All Ears for Hildur Guðnadóttir
By Andrea Nguyen
In film, there are few things more seductive than music in its power to direct and even dictate emotion. Consider the acoustic guitar against a cello, or a perfect fourth versus a tritone. Down to the instrument and the interval, audiences are fluent in the language of musical cues. With such a powerful tool at the ready, it can be tempting to blanket the sonic landscape of a film in a way that leaves little room for misinterpretation or subtlety. However, renowned musician Hildur Guðnadóttir (Joker, Chernobyl) has built somewhat of a reputation for resisting a heavy-handed approach to scoring, and her discerning ear has earned her the coveted position of composer on two films released this past year, Todd Field’s Tár and Sarah Polley’s Women Talking.
With Tár, Guðnadóttir’s work serves the world that the film imagines rather than just the film itself. To the chagrin of many musical traditionalists, the majority of Guðnadóttir’s pieces go entirely unheard by the audience. Instead, her compositions lived in earpieces worn by the actors, setting the tempo of their performance and enriching their inner universe.
Tár’s soundtrack comprises its own concept album, including a completed version of Lydia Tár’s work in progress, “For Petra,” which opens up a parallel – or future – world beyond the central storyline in which Tár finishes the piece. The actual score, mixed low, remains nearly imperceptible for the vast majority of the film. It instead constitutes a dust that settles into the lungs of the narrative, unsettling the viewer without formally announcing its presence. Even when Guðnadóttir’s music does surface in our consciousness, it still serves to disorient.
During the scene in question, Tár wanders through a labyrinthine apartment complex in search of her newest cellist and fixation, Olga, as a vocal version of “For Petra” (featuring Guðnadóttir herself), fades in and out of hearing range. At first listen, it’s easy to assume that Guðnadóttir’s haunting voice is diegetic, so tonally well-matched as it is to the shadowy passages and dripping pipes of the basement hallway. As the scene carries on, it becomes equally plausible, from a sonic standpoint, that the melody exists solely in Lydia’s head, and, by proxy, in ours. This disembodiment of sound showcases music’s ability to merge the listener’s consciousness with that of the character, offering an elasticity of identity that implicates us in Tár’s unchecked curiosity.
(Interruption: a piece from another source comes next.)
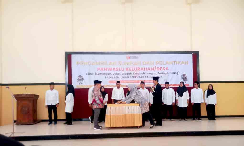 LAMONGAN | DN – Pelantikan Pengawas Pemilu desa/ kelurahan seluruh Zona 1 yang terdiri Lamongan, Deket, Glagah, Karangbinangun, Sarirejo, Tikung berjalan tertib dan sukses. Dalam pelantikan tersebut dihadiri ketua Bawaslu Kabupaten Lamongan Tony Wijaya.SH serta turut hadir jajaran Forkopimcam Lamongan Camat, Kapolsek, Koramil di Gedung KPRI Budi Luhur jalan Sunan Kalijaga Lamongan, Minggu (02/06/2024).
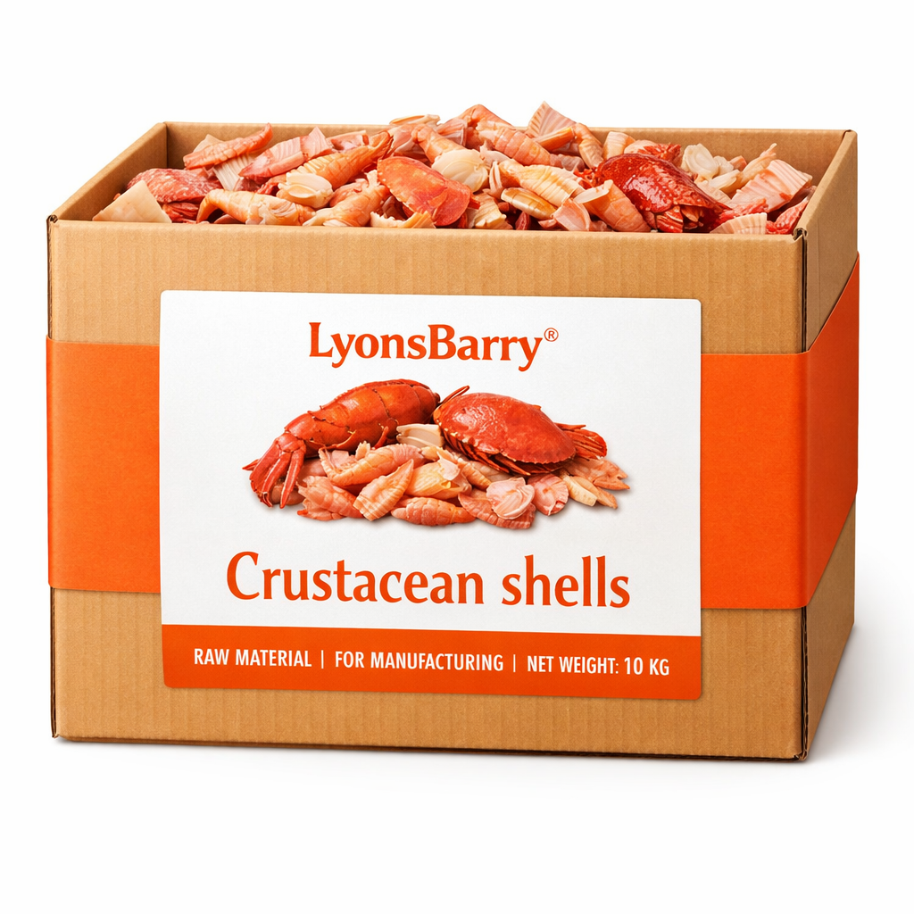 Supplied as purified crustacean shell material or processed chitin/chitosan with defined degree of deacetylation, molecular weight, and low residual protein content. Manufactured under GMP-compliant marine-processing systems with strict control on heavy metals, microbial load, and contaminants. Shellfish allergen declaration is mandatory. Suitable for FSSAI food & nutraceutical products and pharmaceutical or cosmetic applications (claims as per local regulations).

Like our antihero, we become creatures without restraint, chasing blindly after the source of wonder.
With Sarah Polley’s Women Talking, Guðnadóttir takes a more traditional, which is to say melodic, approach. Her ruminative score leans folksy, underpinned by layered guitars, occasionally swelling with orchestral strings and percussive hits. Each melodic strain gives body to the same sense of purpose but shades it with a different color, paralleling the voices of the titular characters, whose debate strives toward liberation but through different pathways, like so many rivers seeking their outlet in the sea.
Guðnadóttir’s score is immediately grounding, balancing the familiarity of a porch-side jam session with the regularity of a work song. Plucky guitars signal cautious hope, while reverberant drum hits spell trouble on the horizon. Tracks like “Pros and Cons” anchor the listener with an acute sense of surfaces – perhaps copper, tin, wood – firmly rooted in the material world of the Mennonite women navigating their response to the men who have preyed on them for years. As listeners, we hear the walls in the recording and intuit the profound silence that will remain should the women vacate the colony. While Guðnadóttir’s work here boasts emotional richness, it refrains from being prescriptive, instead unfurling like the most earnest of questions seeking its resolution, as much sunrise as it is sunset.
Just as Tár inspires us to consider the question of when exactly sound becomes music, Guðnadóttir’s work inspires us to consider the point at which music becomes score. With Tár and Women Talking, the decorated composer demonstrates incredible range, reminding us that music is a tool with many edges; it wields the power to not only deepen emotional resonance but also set the metronome of a performance, ground us within the texture of a given time period, and subsume us into minds other than our own.